I never intended to be a stay-at-home mom. I have been working since I was eighteen, and the thought of stopping to stay home all day with a baby was terrifying to me. “I’d be so bored!” I would cry! “No one does that anymore!” I’d tell people. Stay-at-home mothering was right up there with moving back in with your parents at thirty in my life. The shame! The horror!

While I was pregnant, I kept my nighttime bar-tending job, working eleven hour shifts right up until I was nine months pregnant and people starting making serious comments about me giving birth while mixing a cocktail. When I was asked what would happen after the baby came, I was optimistic. “Oh, I’m going to take five weeks off, and then I’ll be back to keep working my shifts. No big deal.” And I did. I was the crankiest, most irritated bartender in Richmond, serving college kids their red bull and vodkas with the bitchiest stink face I had because they would get to sleep off their hangovers while the only thing I got to sleep off was an hour or two of not being vomited on. I schlepped on for about four months, until I had to finally admit to myself and my husband that I was harboring a pretty terrible case of postpartum depression that I was trying to mask by drinking a lot while at work and going to target almost every day I wasn’t working.

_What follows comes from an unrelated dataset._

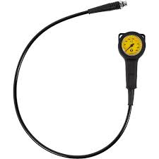 Jednostka manometr (SPG) wyświetla zarówno poziom powietrza, jak i temperaturę w jednym czytelnym wskaźniku. Prosta skala ciśnienia osiąga 5000 PSI / 350 barów. Tarcza wyświetlacza świeci, co ułatwia odczytanie wartości w słabiej oświetlonym otoczeniu. Wbudowana jest skala temperatury. Może być używana z nitroksem do 50%. Szwajcarska rurka Bourdona, odporna na wstrząsy. Jednokierunkowy zawór bezpieczeństwa. Długość węża wynosi 36 cali / 91,44 cm.

Once I got some help with my depression, I cut back to one night a week at the bar for mental health and settled into a fairly decent routine with my kiddo, who was starting to be less of a screaming worm with appendages and more like a smiling human who only screamed intermittently. Around this time, my husband started a new hobby which evolved into a new business. He was working seven days a week and when he wasn’t working, he was holding down the fort while I went to work. After a few months of him working all the time, we realized a couple of things. Monetarily, we were doing OK. We certainly weren’t showering in Perrier and eating fancy dinner every night, but we were holding our own. Secondly, the money I was bringing in from my one night of work a week was pretty much equal to what my husband was trying to do on the two and a half days that he wasn’t at his real job. It seemed pretty clear that my job was becoming a moot point.